MEMORANDUM*
The Farm Service Agency (“FSA”) did not unlawfully withhold agency action by relying on the February 1990 DALR$ Report (“2/90 Report”) as the basis for the Shared Appreciation Agreement (“SAA”). The SSA signed by the Gannons explicitly incorporates the 2/90 Report. The district court correctly determined that, because the Gannons entered into a superseding agreement incorporating the 2/90 Report, they may nob-ten years later-challenge the FSA’s failure to use an earlier report.
The FSA did not abuse its discretion by correcting the SAA’s expiration date and the stated market value of the secured property pursuant to 7 C.F.R. § 780.11, which explicitly authorizes the agency to “correct all errors in entering data on program contracts, loan agreements, and other program documents and the results of the computations or calculations made pursuant to the contract or agreement.”

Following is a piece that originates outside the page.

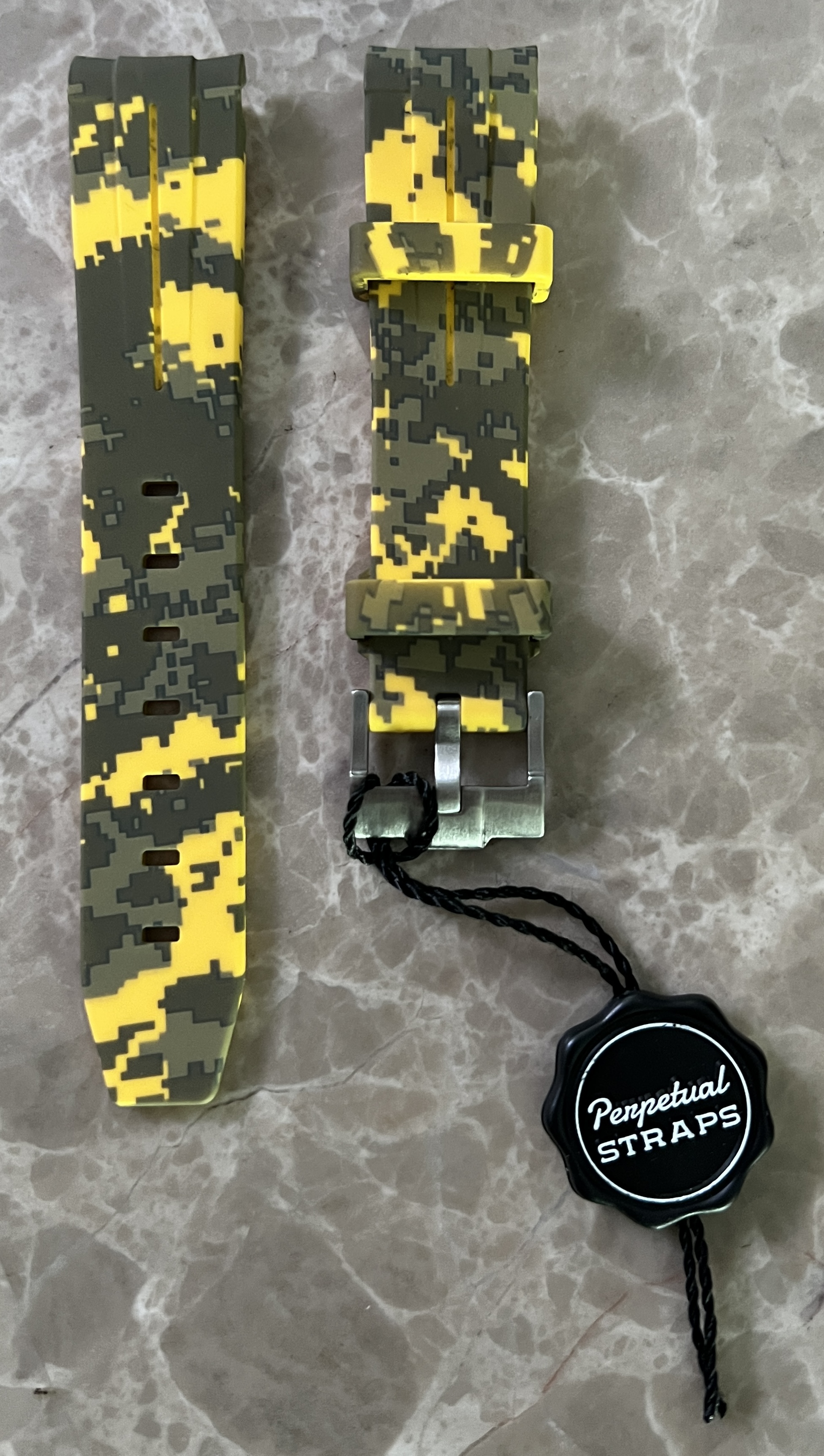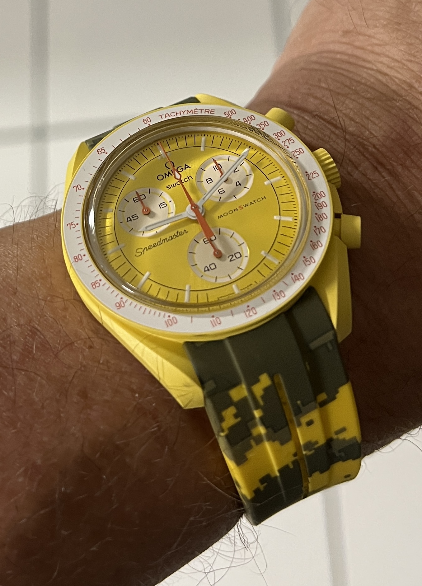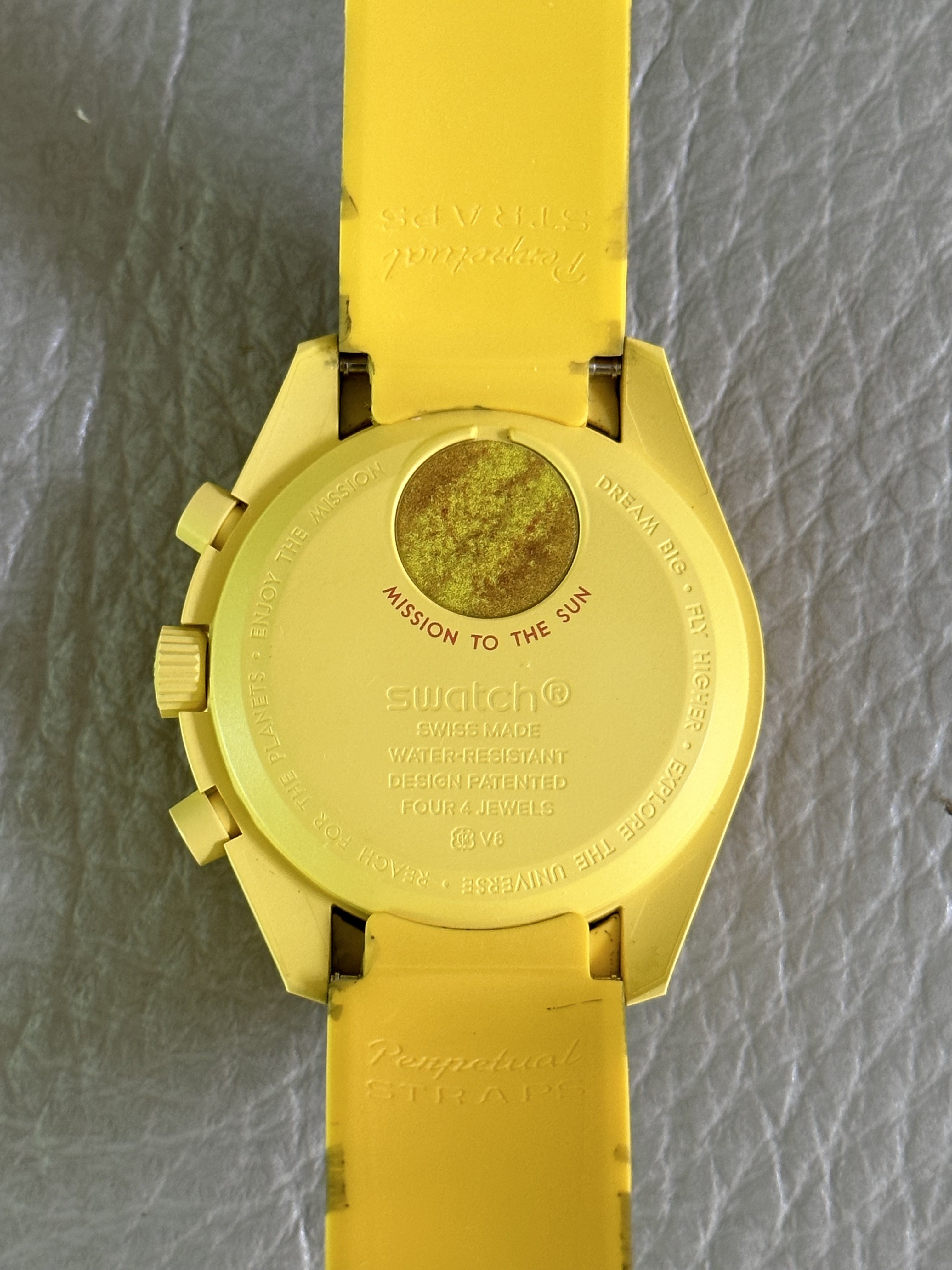 ·*SOLD* ($325 OBRO) have a genuine Swatch MoonSwatch Mission to Sun with comes with all factory paperwork and accessories (including original purchasing receipt from Omega Boutique) and a Perpetual Bands yellow camo rubber band in perfect operating conditions / physical conditions as shown on the pictures below. I recently purchased this watch and immediately ordered the Perpetual band yellow camo band as have read many people saying the factory velcro band is not good (which think is a fair statement); never wore the watch on the factory velcro so it's brand new. Only wore the watch in the house with the Perpetual band (which looks pretty good as shown on the pictures below) a few times so you are basically buying a brand new watch with the extra rubber band for the less than the cost of the watch and the band plus tax (Some people are asking crazy money for these watches, not looking in my case to benefit from that, would rather let another member to get it for a fair price instead)

Following the Seventh and Eighth Circuits, we have held that recapture is due upon expiration of the SAA. Pauly v. USDA, 348 F.3d 1143 (9th Cir.2003). The FSA correctly determined that the Gannons owed recapture when their SAA expired. The FSA also correctly calculated that, pursuant to the formula stated in the SAA, the Gannons owe recapture equal to 50% of the appreciation of the secured property.
In light of our decision, we need not address the Gannons’s recoupment argument.
AFFIRMED.
This disposition is not appropriate for publication and may not be cited to or by the courts of this circuit except as provided by Ninth Circuit Rule 36-3.